Dans ma besace, j’ai mis quelques affaires car la route à pied jusqu’à la bordure du Duché sera longue. Le Seigneur y est, il mène ses troupes, en première ligne à chaque bataille. Ma femme a empaqueté quelques restes de pain noir que j’ai honte d’emporter. Je quitte avec regret ma cahute, celle que j’ai construite à la sueur de mon front. J’ai un mauvais pressentiment. Je serais bien resté dormir un peu mais le choix n’est pas permis.
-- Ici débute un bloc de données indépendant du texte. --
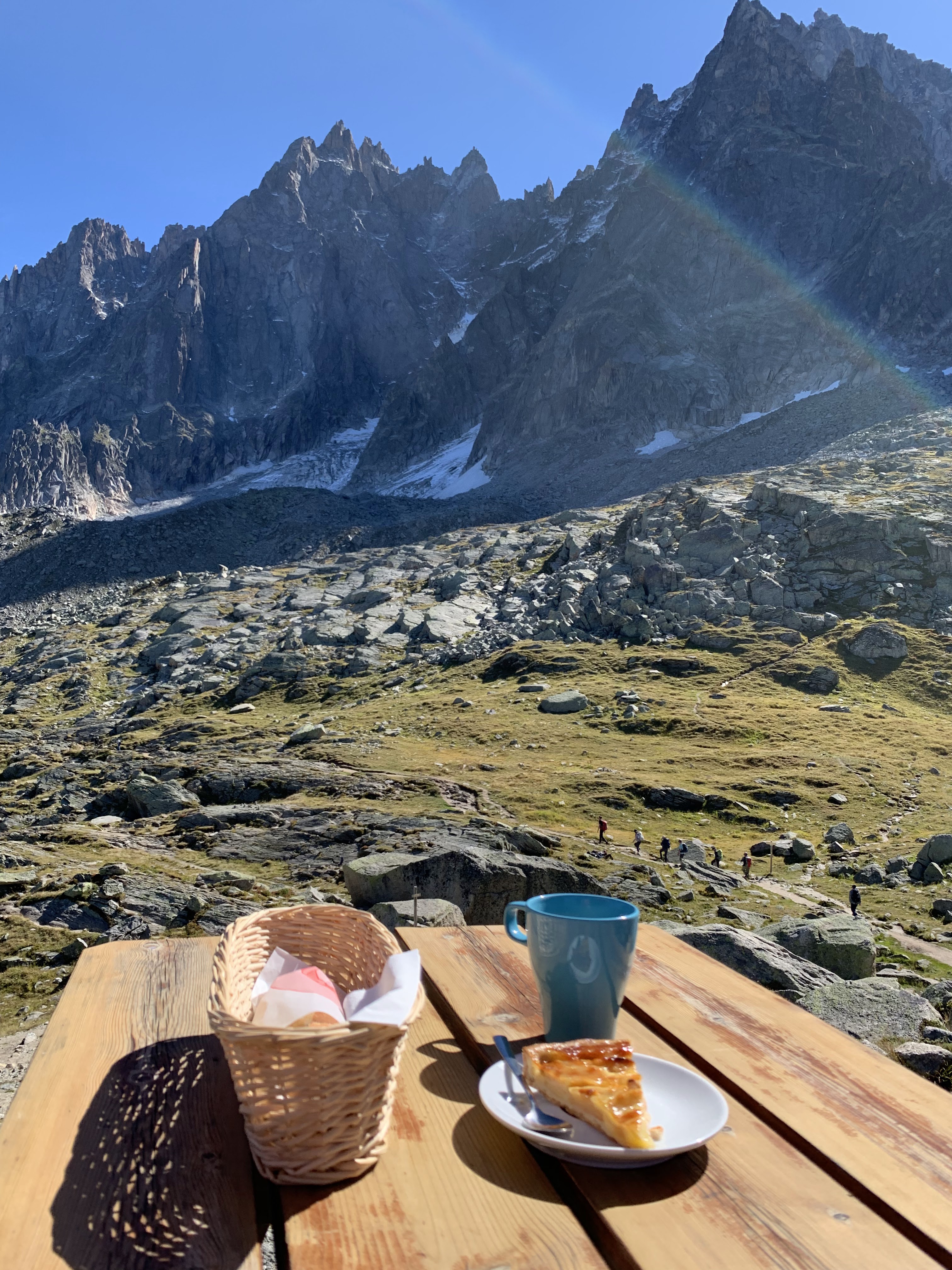 Petite halte avant de descendre sur Chamonix, face au mont-blanc, sandwich très bon boisson et dessert tartelettes

Faut bien que quelqu’un se dévoue, et j’ai des responsabilités moi, foutredieu ! J’assume. Pas comme ces gueux qui se laissent mourir. La lumière du jour a déjà disparu. Tant mieux. Il est préférable de marcher de nuit, ça permet de ne pas croiser de brigands. Tout le monde ne peut pas le faire ça, arpenter les bois de nuit. Tout le monde n’a pas le sens du sacrifice et des responsabilités, froussards ! Ma foi aura raison de toutes les créatures démoniaques qui vivent du crépuscule à l’aube. J’avance en silence, les yeux rivés au sol, les poings serrés. Çà n’est pas que j’aie peur, mais je sais que les démons rôdent. Il suffirait d’un infime instant de doute, que je perde le fil de la foi un moment, pour me mettre à la merci de ces bêtes horribles, pour qu’elles m’éviscèrent et me dévorent. Alors je regarde par terre. Je suis les pas de Dieu.

Et ce soir, est le jugement dernier. Je crois en ma mission. Quand je me présenterai aux campements, le Seigneur me recevra et je romprai le sortilège du Malin qui le tient car je rapporterai la vérité simple, la vérité de Dieu. Ce soir tous les tourments du Maître disparaîtront.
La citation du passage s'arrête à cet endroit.